▸ Data to use
------------------------
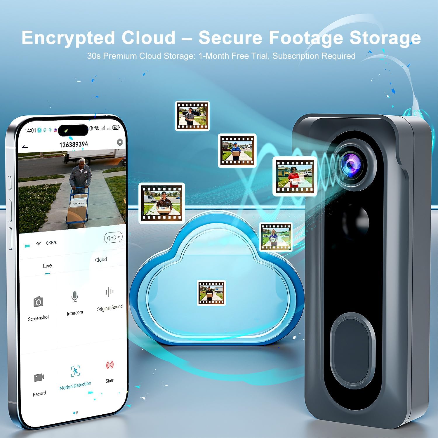 Doorbell Camera Wireless with Chime -2K HD Video AI Motion Detection, Two – Way Audio, Night Vision, Cloud Storage,Battery Powered – Compatible with Alexa, 2.4G WiFi Only
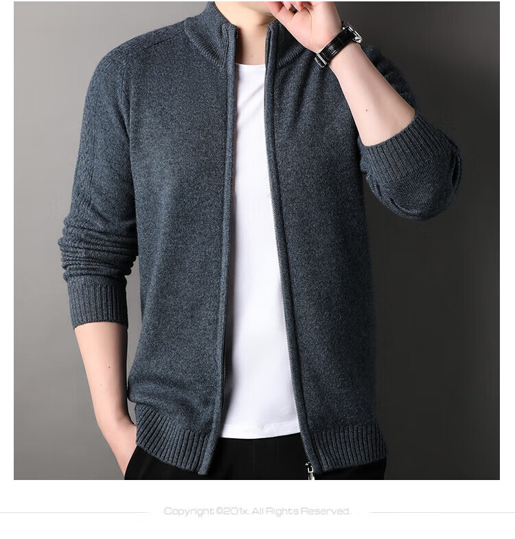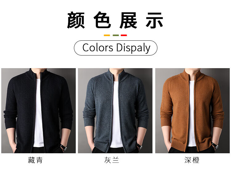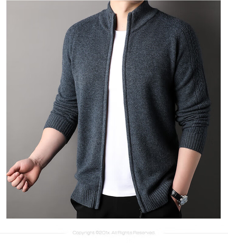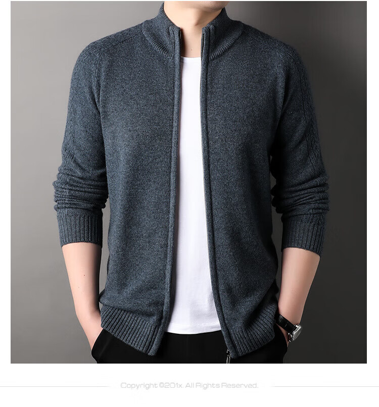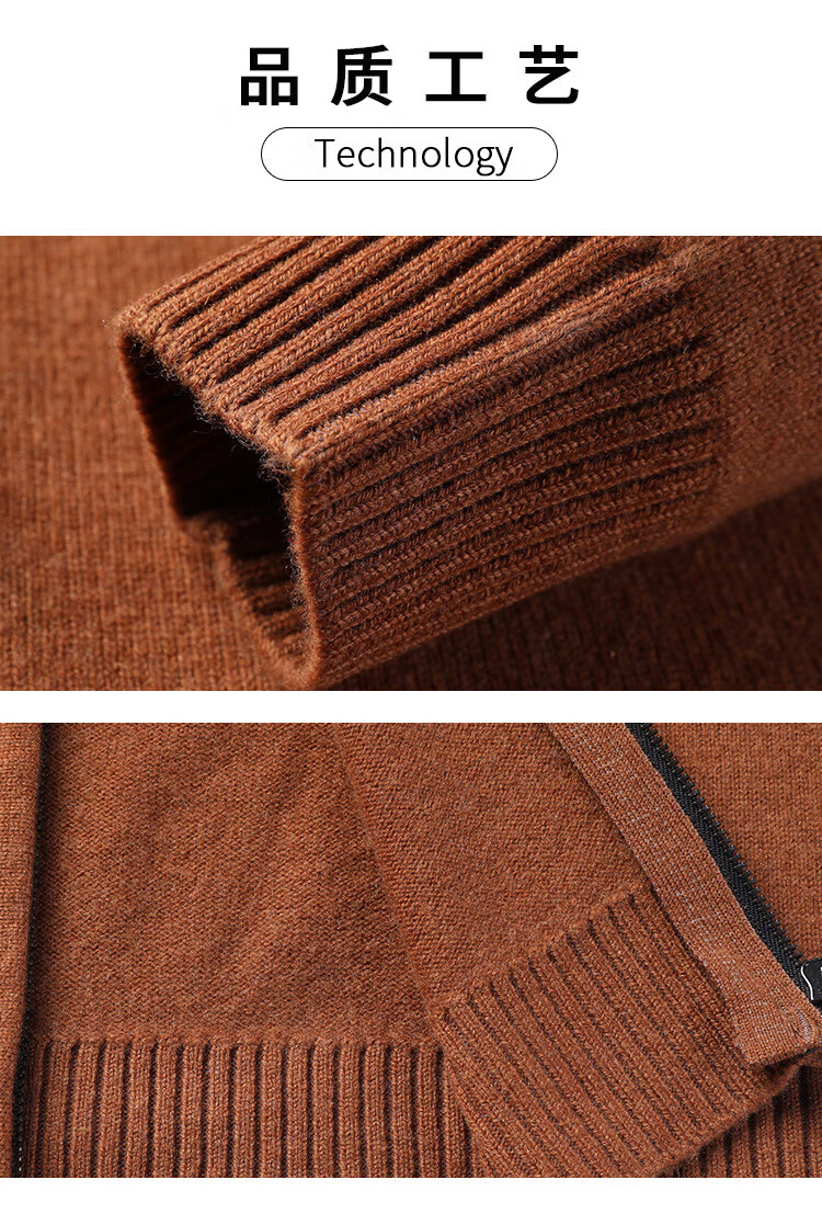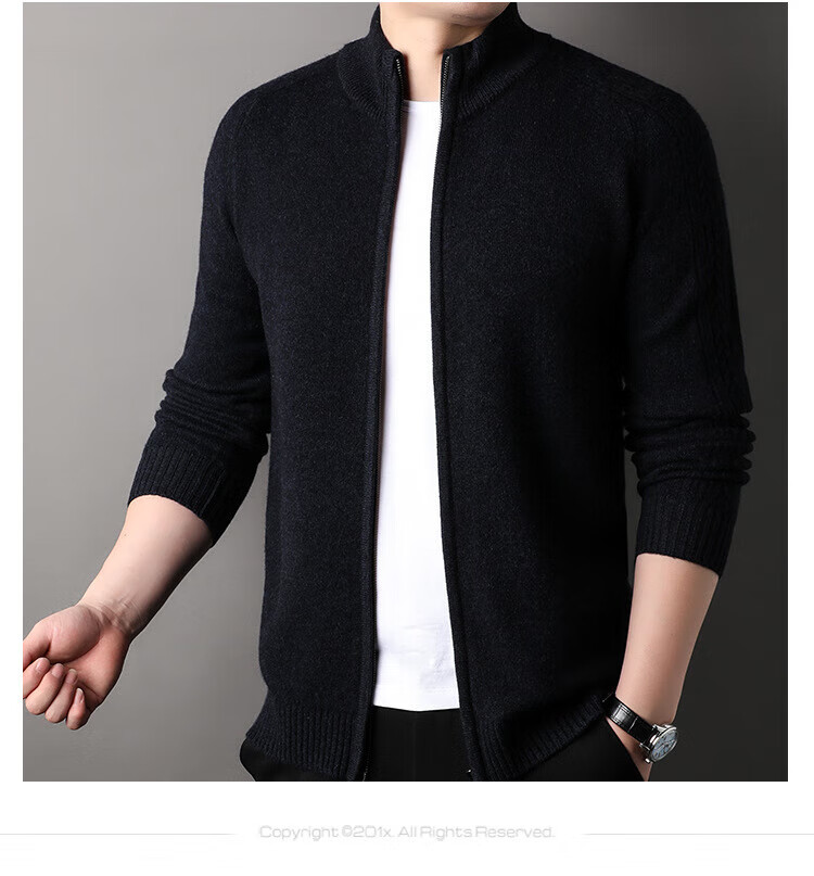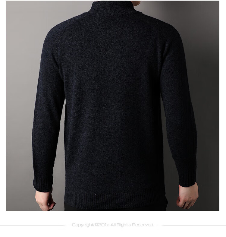 Hengyuanxiang 100% pure wool sweater men's zipper cardigan sweater thickened knitted sweater jacket Korean style autumn and winter half turtleneck men's clothing Navy L 175/50/110
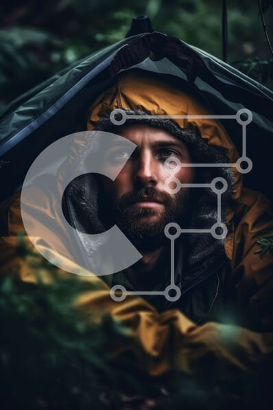 Intra Συλλεκτικό Ξύλινο Παζλ Plywood 4mm - Σοβαρός άντρας με κίτρινο αδιάβροχο και γένια στο δάσος Σε Ξύλινο Κουτί - Διαστάσεις Puzzle: 10x10 cm – 25 κομμάτια
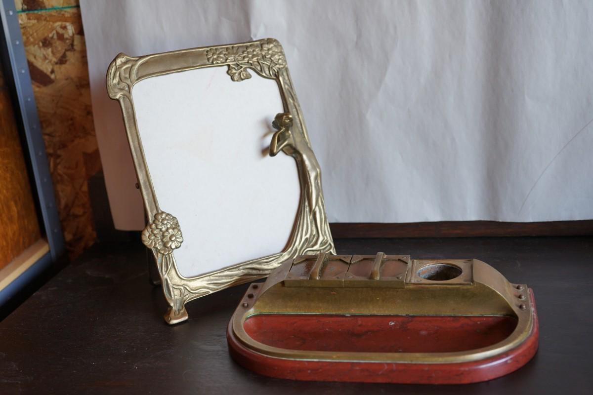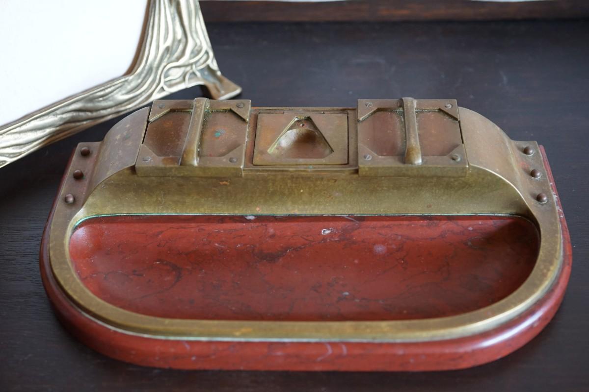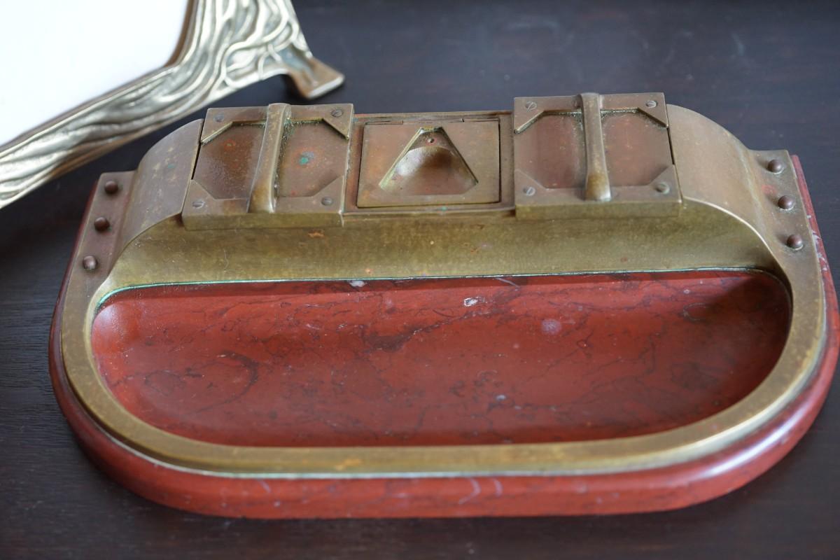 two items in this grouping . the fine item is the red stone( marble? ) base desk set . it has the red marble with the inset brass ink wells that has a sliding cover to expose the choice.. A larger holder for pens in toward the front. The glass inserts for the ink wells are missing. the bronze or brass has wear and discoloration but.. it adds character.
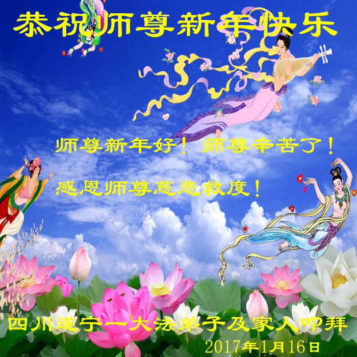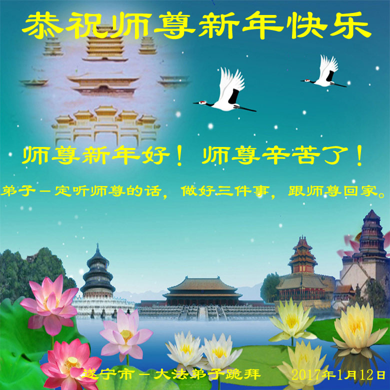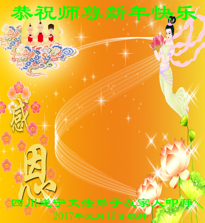 四川遂宁大法弟子及家人恭祝尊敬的师尊新年好!
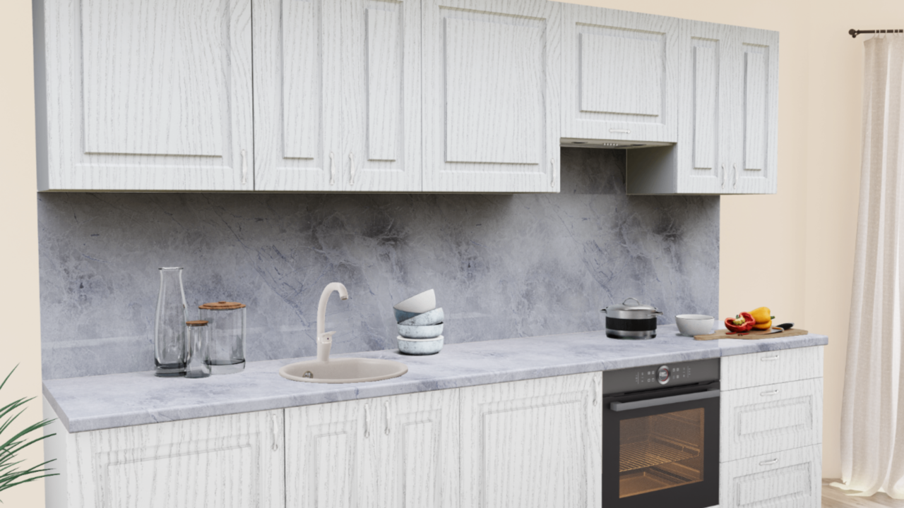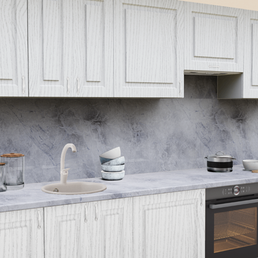 2. Прямая кухня Патина Ясень серебристый 7554 Прямоугольник со столешницей 2349-Pt Мрамор Бернини и со стеновой панелью 2349-Pt Мрамор Бернини.
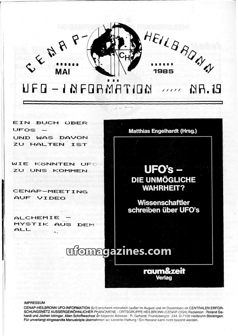 This issue of Heilbronner UFO Information (Nr. 19, May 1985) critically reviews the book "UFOs - Die Unmögliche Wahrheit?", questioning the claims made by its contributors and high
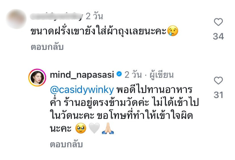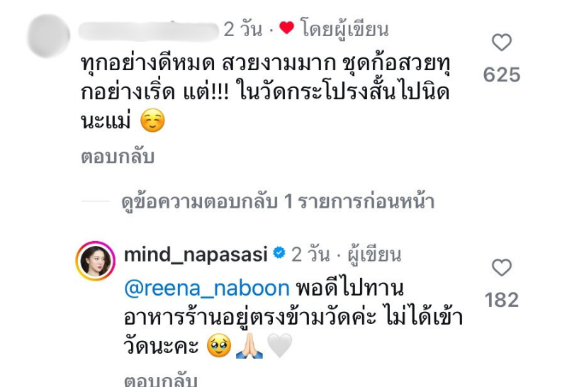 งานนี้ทำเอา “มายด์ ณภศศิ” รีบออกมาตอบคอมเมนต์ว่า “พอดีไปทานอาหารร้านอยู่ตรงข้ามวัดค่ะ ไม่ได้เข้าวัดนะคะ ขอโทษที่ทำให้เข้าใจผิดนะคะ”
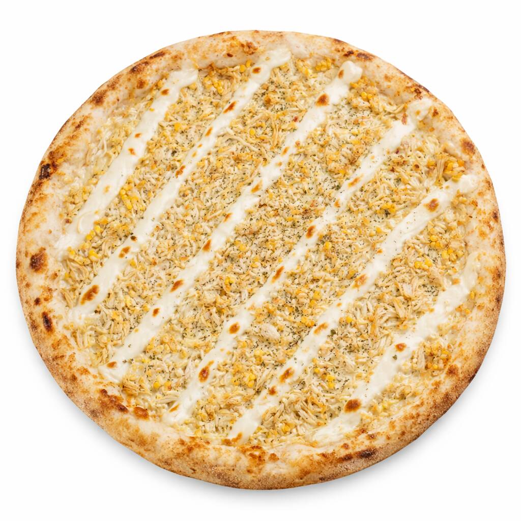 molho, mussarela,frango desfiado,milho,requeijao, oregano
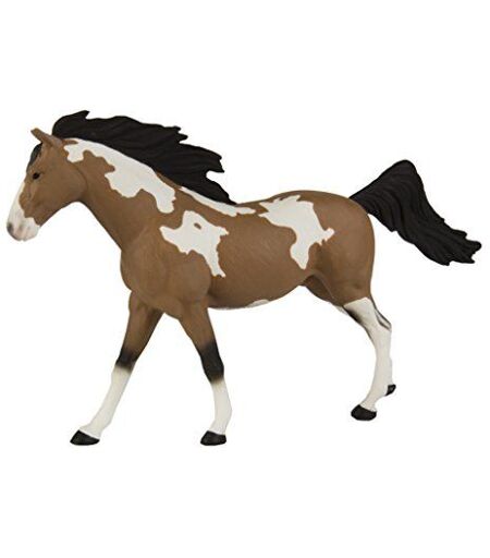 pAlso known as painted horses, pintos are characterized by large patches of color. Many horse breeds carry pinto patterns. This pinto stallion is a mustang, or wild horse. Originally brought to the new world by Spanish conquistadors, mustangs were adopted by the native Apache and allowed to roam free, ensuring their place in the history of the American West. The Safari Ltd Winners Circle Pinto Mustang Stallion is part of the Winners Circle Horse collection, which was created with collectors and horse lovers in mind. Each replica has been sculpted by leading horse experts, is individually hand painted, and features solid construction from safe, phthalate and lead-free materials. Also included is an educational hangtag. Lifelike and realistic from hoof to tail, this emblem of the American West measures 7.25L x 4.25H. Recommended for ages 3 and up.p ...
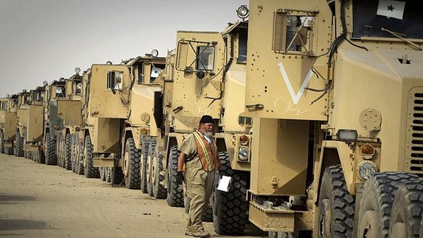 A divisão formada por 100 veículos blindados, transportando 500 soldados, cruzou o deserto do Sul do Iraque entre a madrugada de sábado e a manhã deste domingo (18).
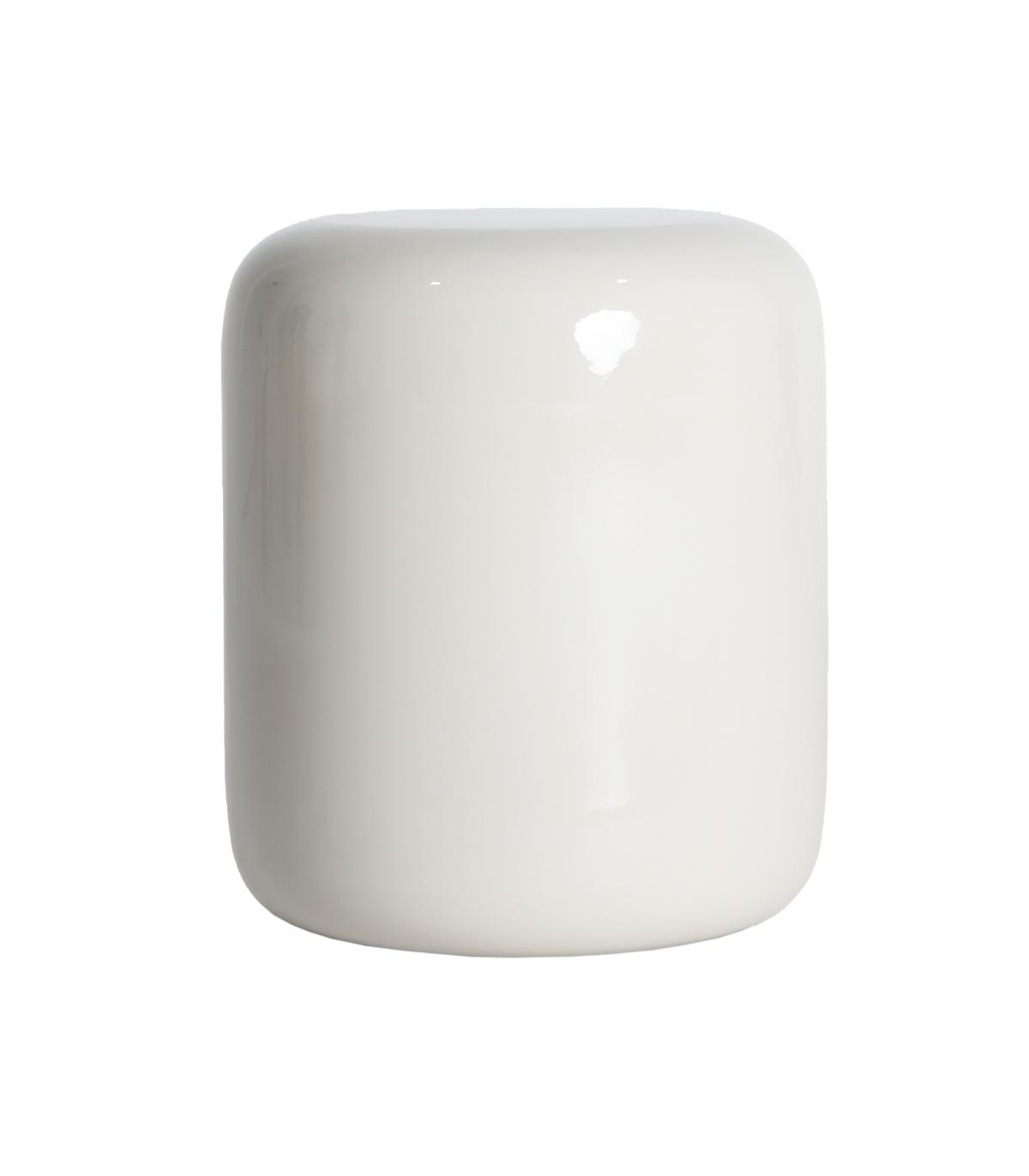 Mesa auxiliar Grei de estilo contemporáneo, fabricado en hierro en color blanco roto con acabado brillo.
------------------------
▸ Requirement
Give back the material above exactly, without pictures.

▸ Answer box
 Doorbell Camera Wireless with Chime -2K HD Video AI Motion Detection, Two – Way Audio, Night Vision, Cloud Storage,Battery Powered – Compatible with Alexa, 2.4G WiFi Only
 Hengyuanxiang 100% pure wool sweater men's zipper cardigan sweater thickened knitted sweater jacket Korean style autumn and winter half turtleneck men's clothing Navy L 175/50/110
 Intra Συλλεκτικό Ξύλινο Παζλ Plywood 4mm - Σοβαρός άντρας με κίτρινο αδιάβροχο και γένια στο δάσος Σε Ξύλινο Κουτί - Διαστάσεις Puzzle: 10x10 cm – 25 κομμάτια
 two items in this grouping . the fine item is the red stone( marble? ) base desk set . it has the red marble with the inset brass ink wells that has a sliding cover to expose the choice.. A larger holder for pens in toward the front. The glass inserts for the ink wells are missing. the bronze or brass has wear and discoloration but.. it adds character.
 四川遂宁大法弟子及家人恭祝尊敬的师尊新年好!
 2. Прямая кухня Патина Ясень серебристый 7554 Прямоугольник со столешницей 2349-Pt Мрамор Бернини и со стеновой панелью 2349-Pt Мрамор Бернини.
 This issue of Heilbronner UFO Information (Nr. 19, May 1985) critically reviews the book "UFOs - Die Unmögliche Wahrheit?", questioning the claims made by its contributors and high
 งานนี้ทำเอา “มายด์ ณภศศิ” รีบออกมาตอบคอมเมนต์ว่า “พอดีไปทานอาหารร้านอยู่ตรงข้ามวัดค่ะ ไม่ได้เข้าวัดนะคะ ขอโทษที่ทำให้เข้าใจผิดนะคะ”
 molho, mussarela,frango desfiado,milho,requeijao, oregano
 pAlso known as painted horses, pintos are characterized by large patches of color. Many horse breeds carry pinto patterns. This pinto stallion is a mustang, or wild horse. Originally brought to the new world by Spanish conquistadors, mustangs were adopted by the native Apache and allowed to roam free, ensuring their place in the history of the American West. The Safari Ltd Winners Circle Pinto Mustang Stallion is part of the Winners Circle Horse collection, which was created with collectors and horse lovers in mind. Each replica has been sculpted by leading horse experts, is individually hand painted, and features solid construction from safe, phthalate and lead-free materials. Also included is an educational hangtag. Lifelike and realistic from hoof to tail, this emblem of the American West measures 7.25L x 4.25H. Recommended for ages 3 and up.p ...
 A divisão formada por 100 veículos blindados, transportando 500 soldados, cruzou o deserto do Sul do Iraque entre a madrugada de sábado e a manhã deste domingo (18).
 Mesa auxiliar Grei de estilo contemporáneo, fabricado en hierro en color blanco roto con acabado brillo.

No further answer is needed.